I wrote on Offline Domain Join (ODJ) a while back where I used PowerShell to rebuild a “djoin-compatible” file from the djoin.exe output in a format that djoin would accept. In my scenario at the time, I couldn’t pass the file generated by djoin directly.

What is the djoin.exe you may ask ? this is a tool provided by Microsoft that allow you to join a machine to an Active Directory domain without network connectivity. The operation happens in two phases: First you run djoin on a machine connected to Active Directory which output a very long string of text (or a file directly with that string), in a second part you provide this file to djoin on the machine that need to be joined to complete the operation.

The article I wrote at that time was focused on the second phase. I was still using djoin.exe for the first phase.

Not fast enough…

More recently, I was facing another djoin problematic scenario.

I had to create an automation to stage new device(s) in different systems, including SCCM and make the device ready to boot from SCCM OSD and start applying an OS + Configuration.

The high-level flow looked like this:

  1. Receive a request via Rest API with some parameters (ComputerName, MacAddress, Owner, Location, …)
  2. Invoke PowerShell Script to Stage the new device
    1. Register new device into custom systems (inventory system, monitoring system, asset management system…)
    2. Create a SCCM Device Association using the ComputerName, MacAddress, …
    3. Append the SCCM Device to the Collection ABC00001 where the OS desired is advertised
    4. Wait for the machine to be queryable from the SMS00001 default collection. If the new device boot but this collection is not refreshed, it won’t pick up the SCCM Operating System Deployment (OSD) assigned on the collection ABC00001.
    5. Perform the first phase of Offline Domain Join using djoin.exe under a different account that hold the proper entitlements,
    6. Create SCCM Device Variables to pass different values consumed during the SCCM OSD
  3. New machine boot for the first time, pickup DHCP Information/IP
  4. New machine start SCCM OSD and get all the values from SCCM Device Variables
  5. Apply OS and Configuration

Here is an high-level flow:

This was working really well, the whole Stage process was taking 3-5 minutes. However one of the tasks that was costly in time was the ODJ part. This automation needed to run very frequently so it started to become a bottleneck for the entire workflow where hundreds machines needed to be deployed at the same time.

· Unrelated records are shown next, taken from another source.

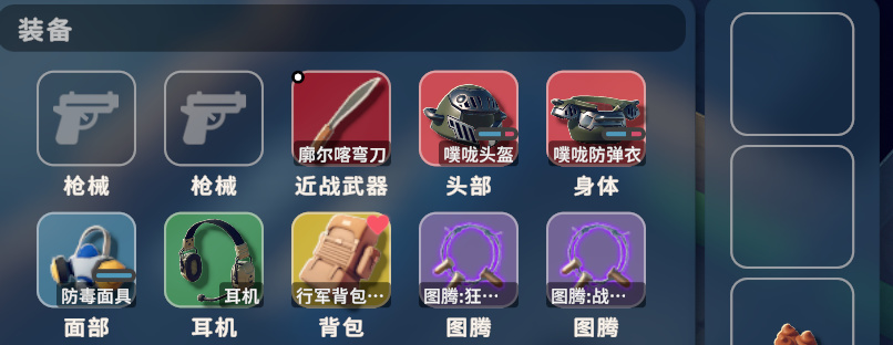 圖騰推薦狂戰3+戰士3,當然也可以選擇沒有副作用的狂戰2+戰士2。近戰武器備選項還有戰術鹹魚和大劍魚,這兩個裝上兩個和平星就是當前版本最暴力的近戰武器。追求極限速度可以換爪刀。
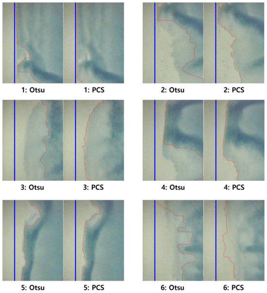 Although the primary focus of the study is to contrast the PCS method with the traditional weighted sum method, an additional experiment was conducted to compare the PCS method with another grayscaling method for verification. Otsu’s method was used as an alternative edge defect detection method in comparison to the PCS method [43,44,45]. The results of this extended comparison are listed in Table 6, alongside the results of the PCS and weighted sum methods. The results reveal an average of 80.7% accuracy for detecting edge areas while performing at a slower processing speed. Otsu’s method shows inconsistent accuracy among the six cases, ranging from 68.2% to 94.2% depending on the condition of the targeted image. Compared to the weighted sum method, even though it shows better performance in terms of time and data capacity consumption, the inconsistency of this method critically affects the defect detection process. The inconsistent results of measuring the edge wave area are shown in Figure 12. This broader evaluation not only highlights the superior performance of the PCS method but also highlights its advantages in edge coating defect detection compared to other prevalent image preprocessing techniques.
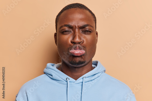 Studio shot of dark skinned man pouts lips frowns face expresses dissatisfaction being offended on someone wears blue sweatshirt isolated over brown background. Negative human emotions concept
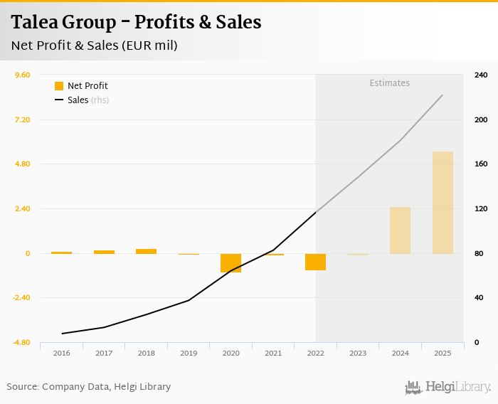 Talea Group made a net profit of EUR -0.908 mil in 2022, down 912% compared to the previous year. Total sales reached EUR 116 mil, which is up 41% when compared to the previous year.
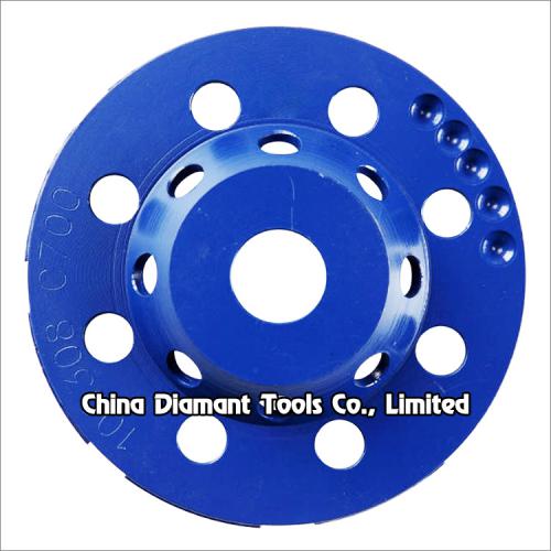 Double rows diamond grinding cup wheels with turbo segments for grinding various concrete or other masonry materials such as stone, terrazzo, bricks, etc., ideal for smoothing and shaping as well as stock removal.
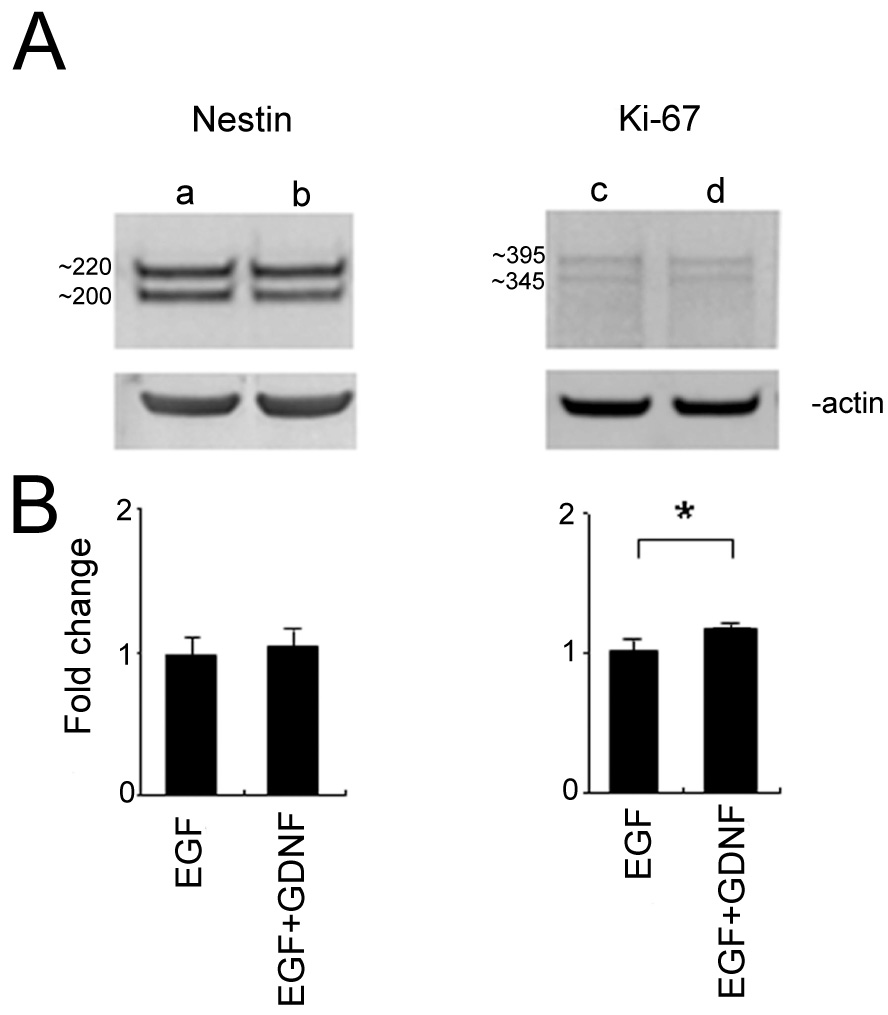 i-67 in EGF+GDNF. β-actin was used as the loading control (lower panels). B: Quantitative analysis showed no significant difference
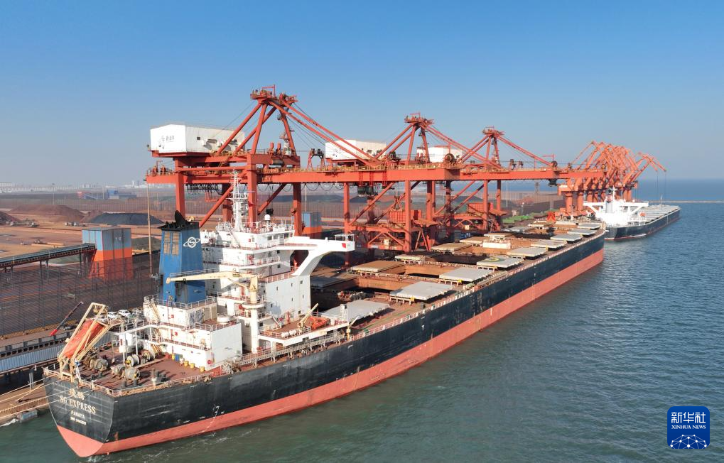 1月28日,两艘轮船靠泊在唐山港京唐港区矿石码头卸载(无人机照片)。

Djoin was slow mostly because:

  • The script had to do a bunch of pre-work before invoking djoin, the new device was not actually on the network yet. Example of task: Find the closest Domain Controllers (DC) to the new machine based on the New computer Location information or IPAddress. In some edge case if only one DC/RODC was in the location, the code had to look for closest neighbor site based on site link costs.
  • PowerShell was invoked under different context, using an account that has the permissions to run djoin.
  • The tool I was using was spawning a new process (when doing RunAs) which took some extra precious seconds
  • Invoke Djoin against a Domain Controller close to new machine
  • Capture the Output and parse it
  • Cherry on the cake PowerShell 2.0 (yep…) had to be used, that came with some other limitations.

On a side note, in this scenario the second part of the djoin was handled by unattend.xml file inside the SCCM Task Sequence, the djoin string was appended to it.

Alternatively you could still use the approach shown in my previous ODJ blogpost.

Solution using c# and PowerShell

I spent sometimes looking for a solution that could expedite the ODJ step while using the entitled AD account. I tested different approaches but ultimately ended up using a combination of PowerShell and c#

While investigating on P/Invoke around [NetJoinDomain], [NetGetJoinInformation] methods, I found the following code snippet from Ryan Ephgrave which was using PowerShell/c# to join a Nano Server during WinPE.

For my need, this was working great during my initial tests on W2008R2 but I had to update the code a bit to make it work on Windows Server 2012/2016+ versions.

Overall this approach saved a lot of time and run in seconds compared djoin.exe.


# Define Credentials to use
$MyAccount = 'MyDomain\MyAccount'
$Passw = ConvertTo-SecureString -String '<SecretPassword>' -AsplainText -Force
$Credential = New-Object -TypeName System.Management.Automation.PSCredential -ArgumentList ($MyAccount,$Passw)

# Define Parameters
$Splatting = @{
    domain = 'mydomain.com'
    machinename = 'testmachine'
    machineaccountou = 'OU=test,DC=mydomain,DC=com'
    dcname = 'dc01.mydomain.com'

# Invoke the Offline Domain Join
New-ADDomainJoin -Credential $credential @splatting

This will create an object in active directory and output the blob needed to join the machine offline.


The code is available on GitHub.

Hope this helps :-)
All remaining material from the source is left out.